The Most Misleading Incident

A common scenario looks like this:

Customers Reporting Errors
          ↓
Pods Running
          ↓
CPU Normal
          ↓
Memory Normal
          ↓
No Recent Deployment

At this point many engineers become stuck.

Everything inside Kubernetes appears healthy.

The next question should be:

What does the application depend on?

That question often reveals the actual root cause.

Azure SQL: The Silent Failure

Databases are one of the most common causes of application incidents.

Symptoms often include:

500 Errors
Timeouts
Slow Responses
Connection Failures

Meanwhile:

Pods Healthy

Example application logs:

SqlException:
Execution Timeout Expired

Connection Timeout Expired

Many teams immediately begin investigating AKS.

The actual issue may be:

Database maintenance
Query blocking
Connection exhaustion
Network restrictions
Failover events

Before touching Kubernetes, verify database connectivity.

Test directly:

kubectl exec -it pod-name -- sh

Then:

nc -zv database-server 1433

telnet database-server 1433

The objective is determining whether the pod can reach the database.

Redis Is Running but Applications Are Failing

Redis failures are particularly deceptive.

Applications may appear healthy while functionality quietly degrades.

Examples:

Authentication Delays
Session Failures
Cache Misses
Performance Issues

Application logs may show:

ECONNRESET

Connection Lost

Meanwhile:

kubectl get pods

shows:

Running

This is not a Kubernetes problem.

The application is unable to communicate with Redis.

Common causes include:

Firewall restrictions
DNS failures
Connection limits
Redis maintenance
TLS misconfiguration

DNS: The Root Cause Nobody Expects

DNS issues are among the most frustrating incidents because they often affect healthy applications.

Consider:

Application
      ↓
api.internal.local

If DNS resolution fails:

Connection Failed

even though:

Application Healthy

and

AKS Healthy

Inside a pod:

nslookup api.internal.local

dig api.internal.local

can immediately expose the problem.

Common DNS-related causes include:

Incorrect private zones
Broken forwarding rules
Missing records
CoreDNS issues
Private Endpoint resolution failures

DNS should always be part of the investigation process.

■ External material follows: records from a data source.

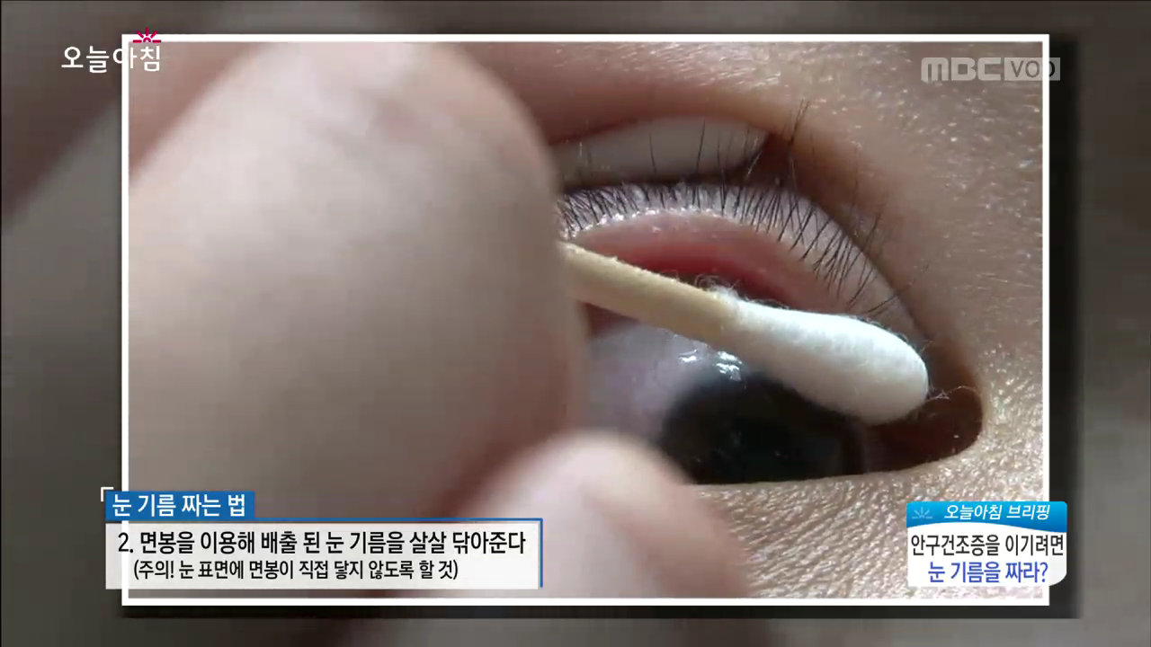 눈 기름을 짜서 눈 기름이 제대로 배출되도록 하는 것이 무엇보다 중요하다.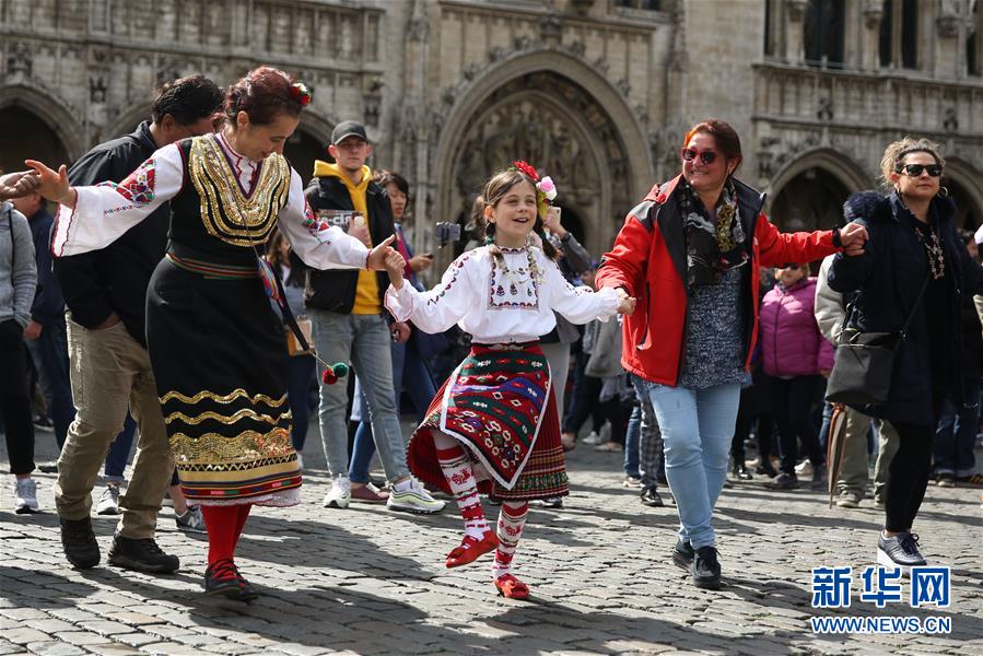 4月28日,在比利時布魯塞爾大廣場,表演者與游客一同跳舞。 當日,來自歐洲多個國家的表演者在比利時布魯塞爾大廣場載歌載舞,慶祝為期五天的2019年巴爾干文化藝術(shù)節(jié)圓滿落幕。該文化藝術(shù)節(jié)旨在用音樂、舞蹈、文學、街頭藝術(shù)等方式向公眾展現(xiàn)東南歐巴爾干半島地區(qū)的民族文化風情。 新華社記者鄭煥松攝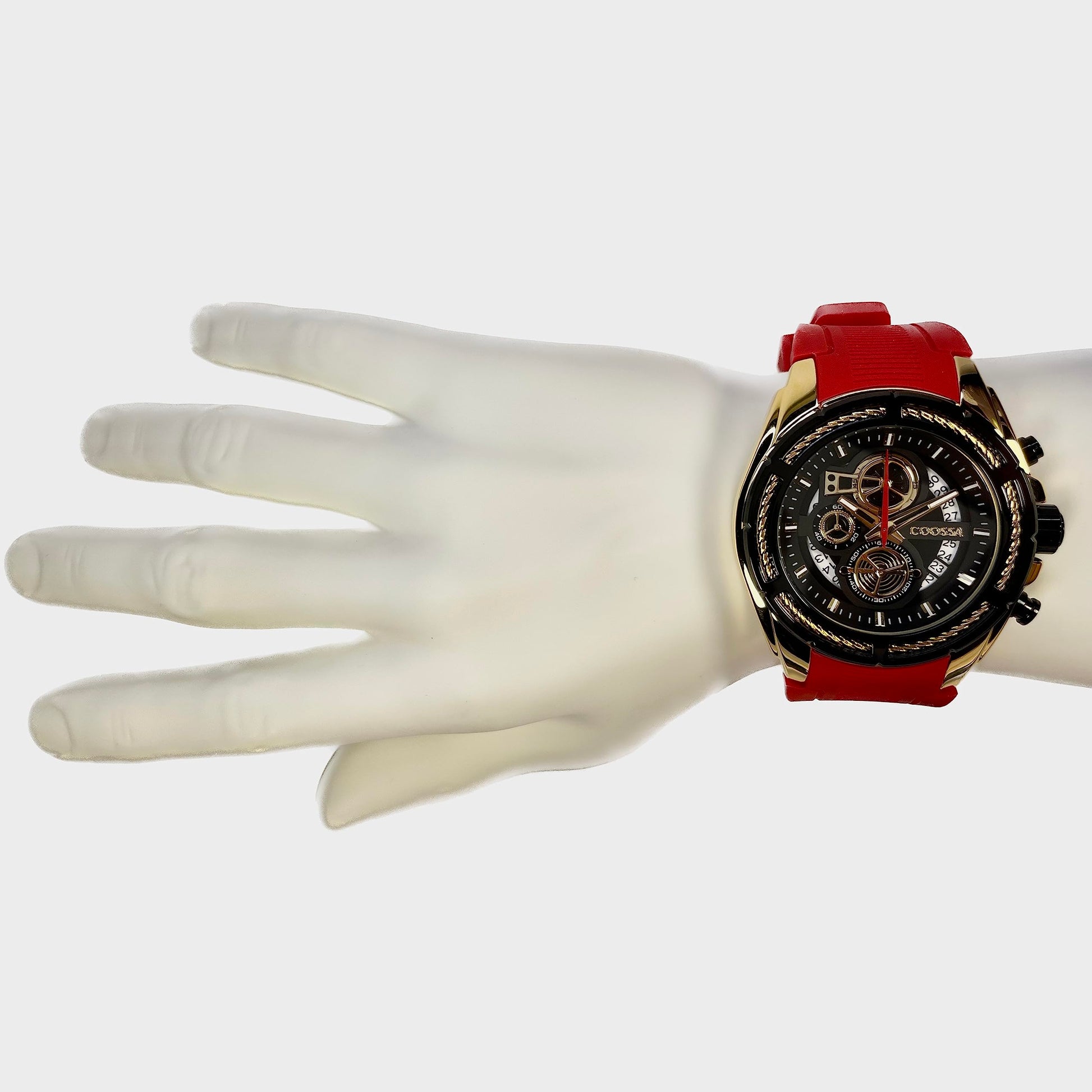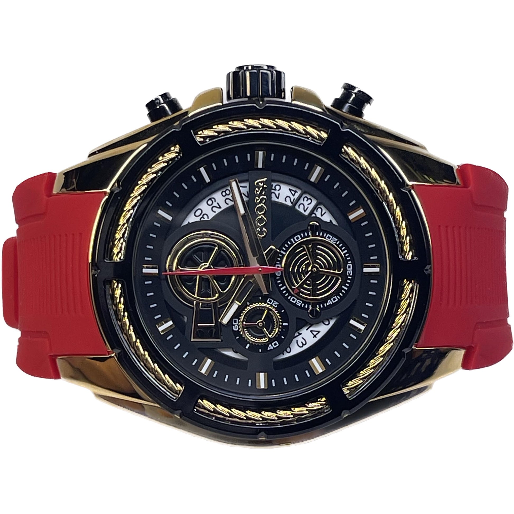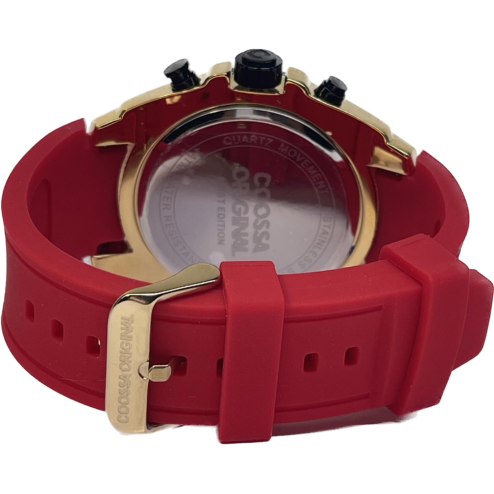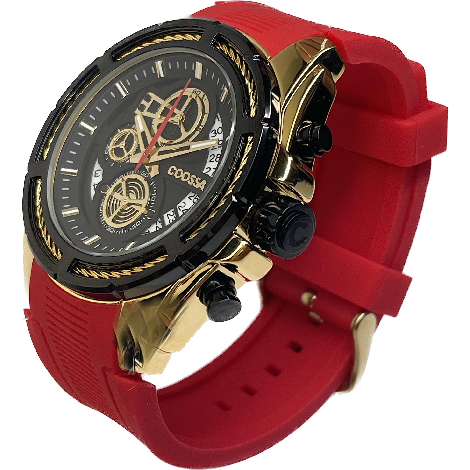 COOSSA ORIGINAL Men's Watch Chronograph 20240 48MM Gold Tone Case Red Silicone Band 30M Water Resistant Cable Bezel
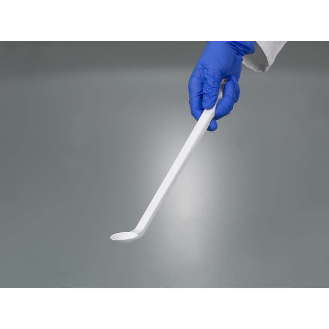The laboratory spoon is suitable for single use in the sensitive areas of pharmaceuticals, chemistry, cosmetics, animal feed and food & beverage.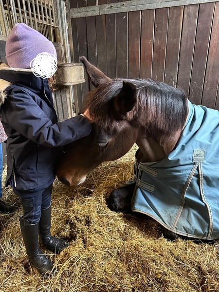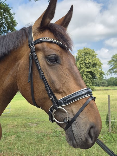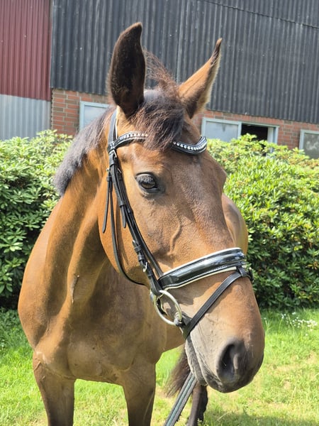Skadi rose ist eine absolut brave & menschenbezogene, schmusige 11-jährige Oldenburger Stute. Ich habe sie 8-jährig gekauft & in den drei Jahren hat Sie niemals Unarten gezeigt, ist artig in der Halle, zuverlässig im Gelände und auf fremden Turnierplätzen so gelassen, als wäre sie dort zu Hause. Sie will immer gefallen, ist fleißig, leicht in der Hand & bequem zu sitzen. Skadi hat einige A-Dressuren gewonnen/platziert und ich reite Schwerpunkt Dressur. Leider ist sie nicht immer konstant in Takt & Anlehnung, schließlich haben wir herausgefunden, dass die Ursache ein leichter Befund in der HWS ist. Man kann es behandeln, ist aber für mich keine Dauerlösung, daher passt es für mich leider nicht mehr. Ich wünsche mir für dieses liebenswerte, brave Pferd einen Platz, wo der Schwerpunkt auf Freizeit & Gelände liegt und man ihren verlässlichen, gutmütigen Charakter zu schätzen weiss. Sie macht auch gerne einen kleinen Sprung, ist schmiede- & verladefromm. Sie wurde immer im Offenstall gehalten , idealerweise hat sie auch zukünftig Auslauf & Gesellschaft. Kontaktanfragen ab 20:00 Uhr, eine vorherige Kontaktaufnahme ist aus beruflichen Gründen schwierig. Telefon: 0151 57438360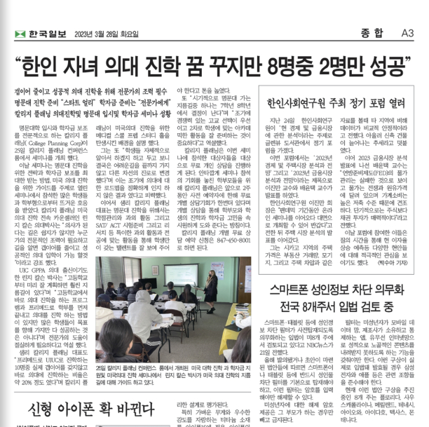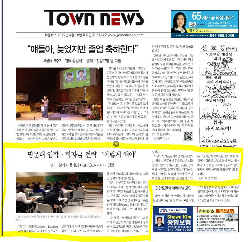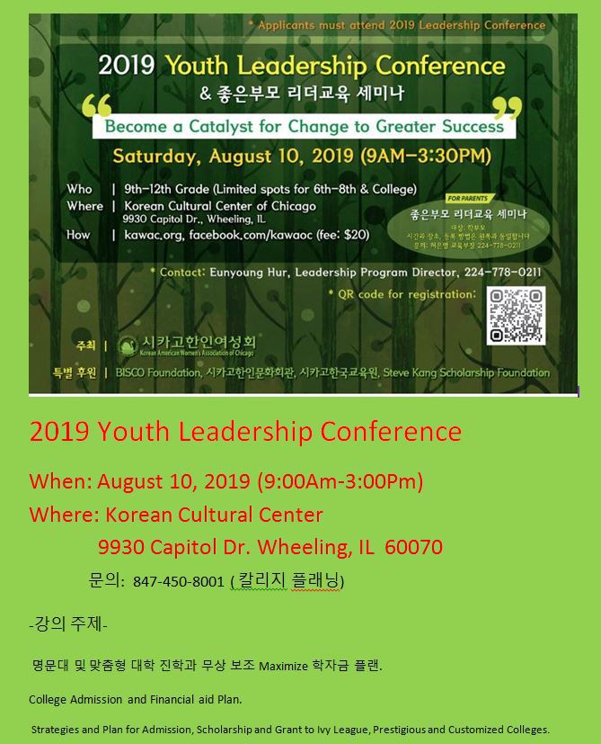 8월10일 칼리지 플래닝 샘리 대표가 여성회가 주최하는 청소년 리더쉽 컨퍼런스에 강사로 초청 받아 강연을 한다. 강연주제는 명문대 합격과 맞춤형 대학 진로 상담과 무상보조 Maximize 학자금 플랜이다.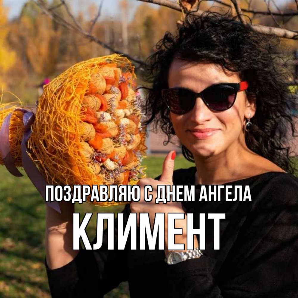 Открытка Поздравляю с днем Ангела Климент. страшная тетка рекомендуете не болеть. что то там у нее в букете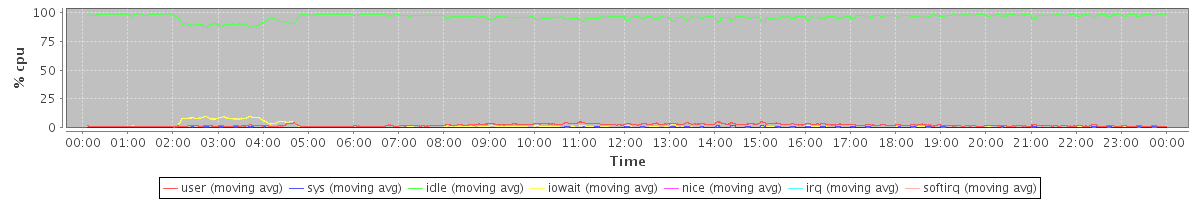 avg(user) = 2.23 avg(sys) = 0.39 avg(idle) = 95.92 avg(iowait) = 1.33 avg(nice) = 0.10 avg(irq) = 0.00 avg(softirq) = 0.04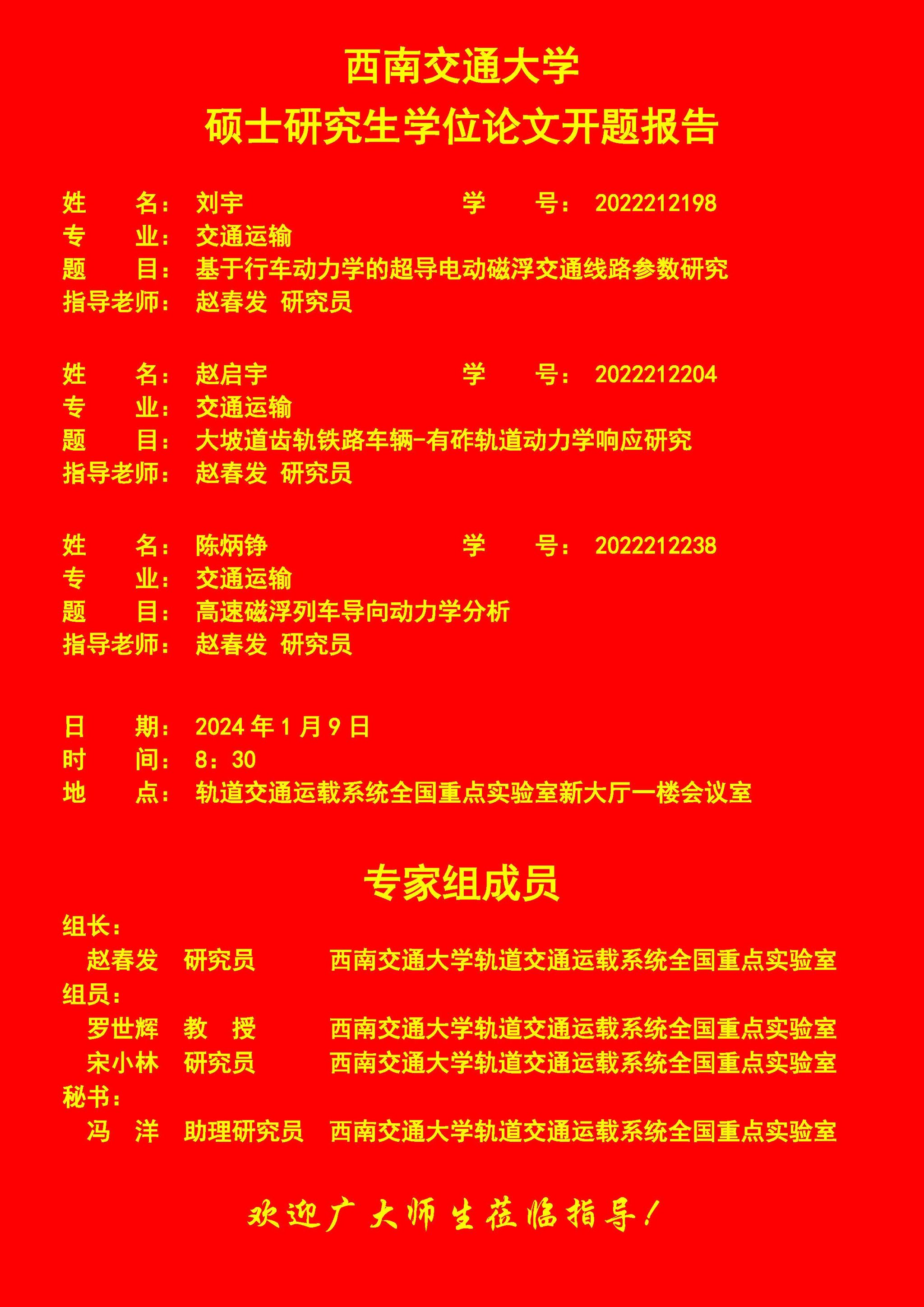 西南交通大学刘宇、赵启宇、陈炳铮硕士研究生开题报告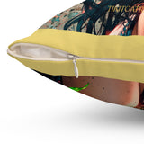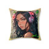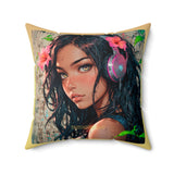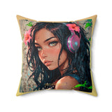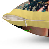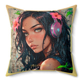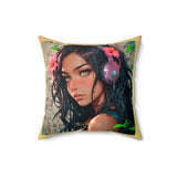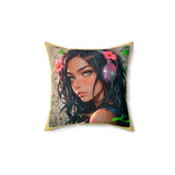 • Un coussin carré au design poétique, présentant le portrait d'une jeune personne aux longs cheveux foncés et aux yeux ambrés captivants.
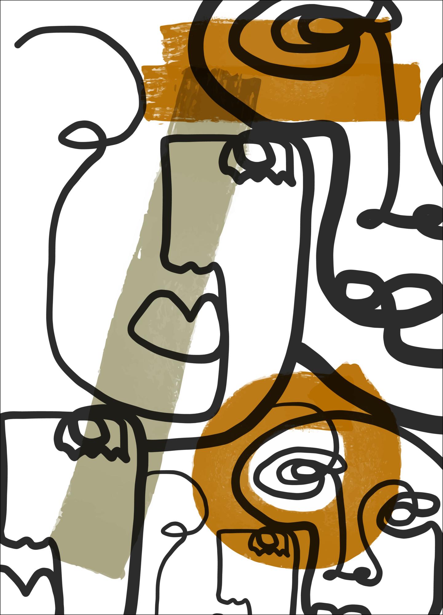 Um póster de arte gráfica de linha com rostos pintados em preto sobre um fundo branco, cinzento e marrom. Um póster abstrato e vívido que encaixa-se perfeitamente numa casa moderna e fica tão bom na cozinha e no corredor quanto na sala de estar ou no quarto.
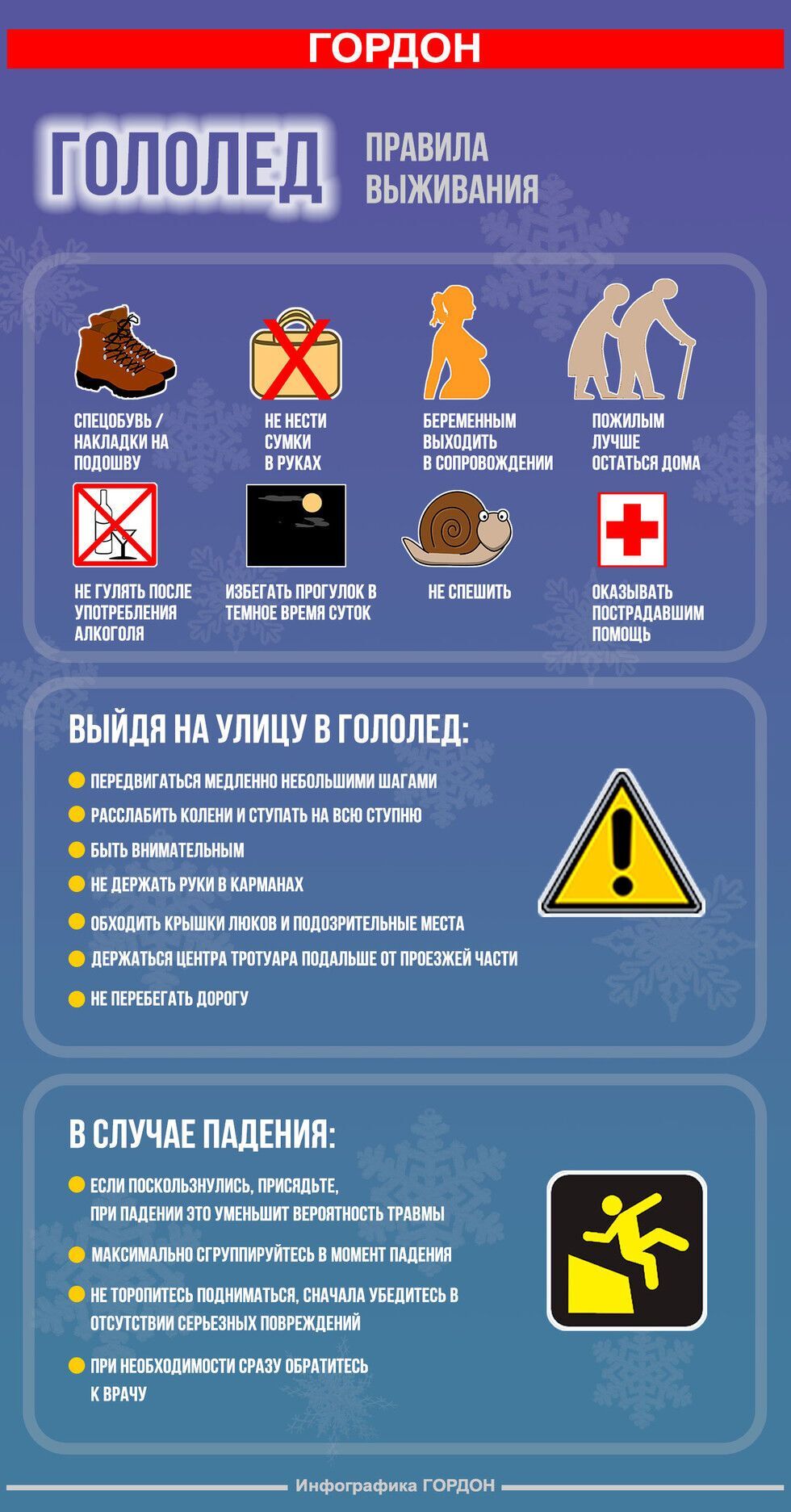 В связи с волной холодов, приходом снежной и морозной погоды издание "ГОРДОН" визуализировало основные рекомендации МЧС по поведению во время гололеда на улице. Памятка поможет избежать травм и предупредить возможные инциденты.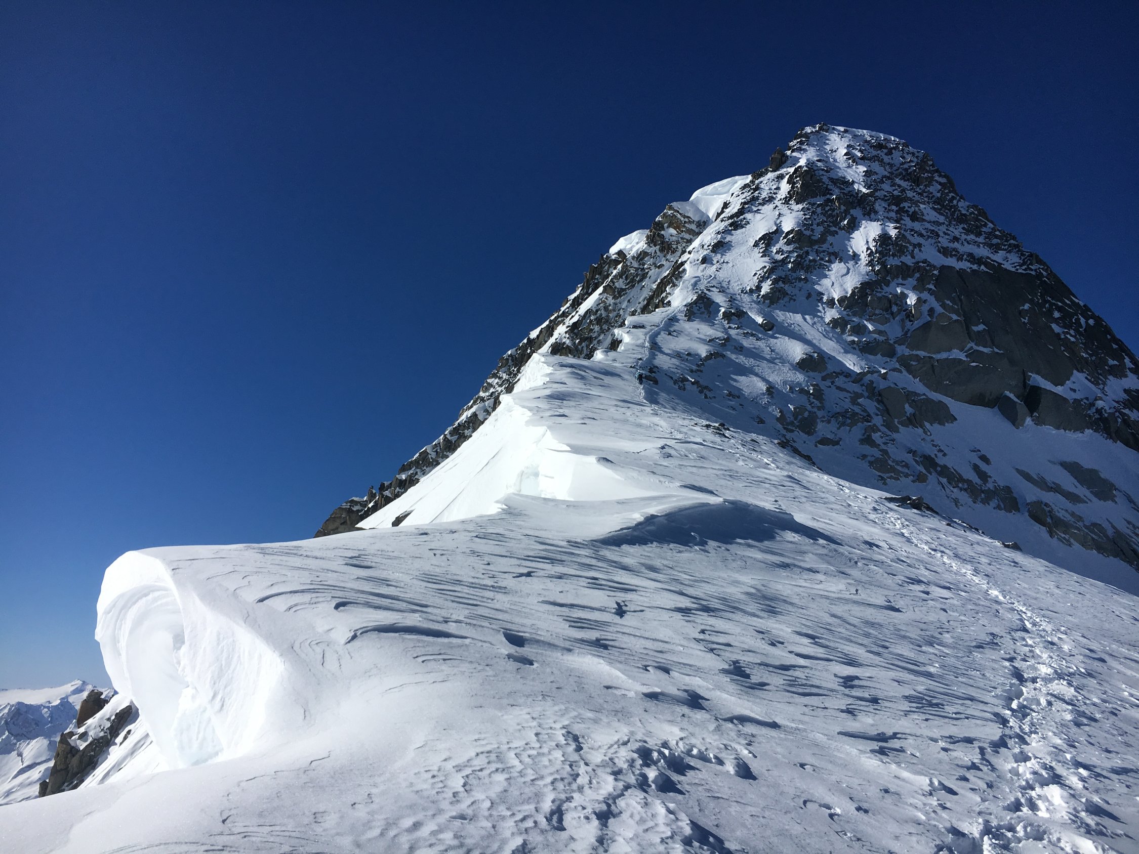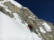 Mit Steigeisen und Pickel erklommen wir die letzten steilen Meter bis zum Grat, auf dem sehr viel Schnee lag, der uns einen angenehmen Weg bis zum Nordgrat bot.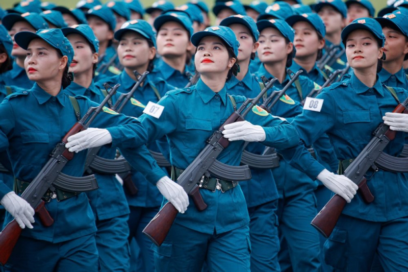Khối nữ dân quân các dân tộc Việt Nam tham gia diễu binh.

Private Endpoints and Private DNS

Private Endpoints introduce another layer of complexity.

Example architecture:

AKS
 ↓
Private Endpoint
 ↓
Database

The database exists.

The endpoint exists.

The application still cannot connect.

Why?

Because successful Private Endpoint connectivity requires:

Private Endpoint
      +
Private DNS
      +
Network Routing

Missing any one component can break connectivity.

Common symptoms:

Connection Timeout
Host Not Found
Name Resolution Failure

Testing from within a pod quickly reveals whether DNS or routing is involved.

Firewalls and Network Security Rules

Network controls frequently create incidents that appear to be application failures.

Example:

Application
      ↓
Database

A new firewall rule is introduced.

Traffic becomes blocked.

Application logs begin showing:

Timeout
Connection Refused

The pods remain healthy.

Kubernetes remains healthy.

The network path is not.

Whenever connectivity issues occur, verify:

Source
Destination
Port
Route
Firewall

before investigating Kubernetes internals.

Key Vault Dependency Failures

Modern applications often retrieve secrets from Key Vault during startup.

If Key Vault becomes inaccessible:

Application Startup Fails

Pod status:

CrashLoopBackOff

Many engineers immediately investigate:

Container Image
Deployment YAML
Node Health

The actual issue may be:

Key Vault Access Failure

Common causes:

Expired permissions
Managed Identity issues
Workload Identity issues
Firewall restrictions
DNS resolution failures

Always verify:

kubectl logs

before assuming Kubernetes is responsible.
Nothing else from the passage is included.